AI Leaders Build Harnesses to Turn Employees into Power Users
Top companies capture 75% of AI gains by using it for growth and reinvention, not efficiency—building internal systems like RAMP's Glass that connect tools, share skills via a 350+ marketplace, and provide persistent memory, making every employee effective on day one.
AI Leaders Drive Growth, Not Just Efficiency
Leading companies secure 75% of AI's economic gains by treating it as a growth technology, being 2-3x more likely to pursue new opportunities and 2.6x more likely to reinvent business models. McKinsey's analysis of 20 AI leaders across industries shows AI transformations deliver 20% EBITDA uplift, break-even in 1-2 years, and $3 incremental EBITDA per $1 invested—far beyond productivity tweaks. They target economic leverage points like supply chain integration (e.g., Toyota's AI breakthroughs in automotive) and build enduring systems around AI, not just deploy tools. Data is the key constraint, requiring ongoing enrichment as an operational discipline. Senior business leaders must gain AI expertise, combining domain knowledge with tech skills, while keeping 70%+ of AI talent in-house for people-led transformations. Agentic engineering—ingesting unstructured data, adding agents, automating guardrails, and codifying playbooks—is the next frontier, with speed as the core advantage amid shrinking skill half-lives.
Institutional AI Requires Coordination Beyond Individuals
Individual AI boosts personal productivity 10x, but no company has seen 10x value without institutional AI processes that align efforts. George Sulka's A16Z piece outlines seven pillars, starting with coordination: without defined roles, OKRs, and communication for humans and agents, AI creates chaos—like employees with mismatched prompting styles generating incompatible outputs. Institutional AI filters noise from exploding content, enforces professional objectivity over personal alignment, and scales revenue, not just saves time. PWC echoes this: top 20% firms don't just use AI better; they use it differently for structural change.
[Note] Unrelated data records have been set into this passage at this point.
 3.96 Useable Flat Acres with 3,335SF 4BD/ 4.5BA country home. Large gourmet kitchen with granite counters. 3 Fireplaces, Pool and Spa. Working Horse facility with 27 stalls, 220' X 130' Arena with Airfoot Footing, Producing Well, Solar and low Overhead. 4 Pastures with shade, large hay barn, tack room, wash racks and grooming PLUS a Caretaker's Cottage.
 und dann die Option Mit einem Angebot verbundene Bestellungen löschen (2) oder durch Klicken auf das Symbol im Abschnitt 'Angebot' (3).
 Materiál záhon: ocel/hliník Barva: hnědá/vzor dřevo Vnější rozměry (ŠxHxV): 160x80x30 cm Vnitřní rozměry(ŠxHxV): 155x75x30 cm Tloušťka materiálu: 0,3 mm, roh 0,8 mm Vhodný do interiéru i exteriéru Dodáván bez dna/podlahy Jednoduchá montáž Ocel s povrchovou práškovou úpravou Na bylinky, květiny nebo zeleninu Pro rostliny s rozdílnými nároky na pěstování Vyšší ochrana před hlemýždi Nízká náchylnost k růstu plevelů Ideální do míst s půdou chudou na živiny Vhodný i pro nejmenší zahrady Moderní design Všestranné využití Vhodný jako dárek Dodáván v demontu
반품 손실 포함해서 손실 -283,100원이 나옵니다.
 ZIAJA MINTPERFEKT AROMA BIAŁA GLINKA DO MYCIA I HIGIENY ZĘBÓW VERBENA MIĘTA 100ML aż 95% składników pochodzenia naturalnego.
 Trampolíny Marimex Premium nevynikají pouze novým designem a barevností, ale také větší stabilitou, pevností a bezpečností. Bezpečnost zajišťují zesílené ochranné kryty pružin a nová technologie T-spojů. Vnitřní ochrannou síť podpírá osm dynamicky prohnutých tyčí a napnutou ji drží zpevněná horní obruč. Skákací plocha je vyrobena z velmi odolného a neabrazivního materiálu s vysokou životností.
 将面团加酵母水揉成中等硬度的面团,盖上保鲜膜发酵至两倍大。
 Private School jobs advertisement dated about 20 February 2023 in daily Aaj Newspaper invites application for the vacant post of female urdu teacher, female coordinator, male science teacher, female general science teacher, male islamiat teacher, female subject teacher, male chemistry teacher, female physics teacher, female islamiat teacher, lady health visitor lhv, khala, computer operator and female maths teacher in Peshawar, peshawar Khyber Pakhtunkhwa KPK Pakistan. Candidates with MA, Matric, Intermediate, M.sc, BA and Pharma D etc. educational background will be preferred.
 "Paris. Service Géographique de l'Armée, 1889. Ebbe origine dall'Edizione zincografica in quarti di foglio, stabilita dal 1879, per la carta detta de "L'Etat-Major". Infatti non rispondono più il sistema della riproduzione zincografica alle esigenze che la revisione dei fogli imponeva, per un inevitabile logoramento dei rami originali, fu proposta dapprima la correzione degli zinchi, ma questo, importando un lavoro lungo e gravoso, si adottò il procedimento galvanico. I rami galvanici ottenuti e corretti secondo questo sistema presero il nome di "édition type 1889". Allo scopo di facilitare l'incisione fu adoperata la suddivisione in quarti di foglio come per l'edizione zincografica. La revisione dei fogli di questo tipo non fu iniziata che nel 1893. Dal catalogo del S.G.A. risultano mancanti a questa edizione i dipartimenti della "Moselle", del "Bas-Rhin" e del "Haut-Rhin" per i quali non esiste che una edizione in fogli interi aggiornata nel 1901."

RAMP's Glass: Raise the Floor with Shared Harnesses
RAMP built Glass, an internal AI workspace, because models are ready but setups are painful—only 9% of employees used AI daily until day-one access with SSO integrations, persistent memory from tools like Slack/Notion/Linear, and scheduled automations (daily/weekly/cron, even offline). Three principles: (1) Preserve full power-user upside (multi-window workflows, deep integrations) rather than dumbing down; AI tutors handle complexity. (2) Share breakthroughs via Dojo marketplace (350+ reusable skills, e.g., Zendesk workflow pulling tickets/account health for resolutions). (3) Product enables learning—Sensei AI recommends top 5 skills by role/tools/history; memory synthesizes sessions daily. Why build in-house? It's a moat for productivity, enables same-day fixes via Slack triage, and informs external products. Results: New hires know teams/projects/tools instantly; non-engineers run automations once needing 6-month engineers. Learn by doing—skills/memory show 'what good looks like,' accelerating mastery faster than workshops. This organizational harness engineering compounds advantages, evolving agentic work into everyone's capability.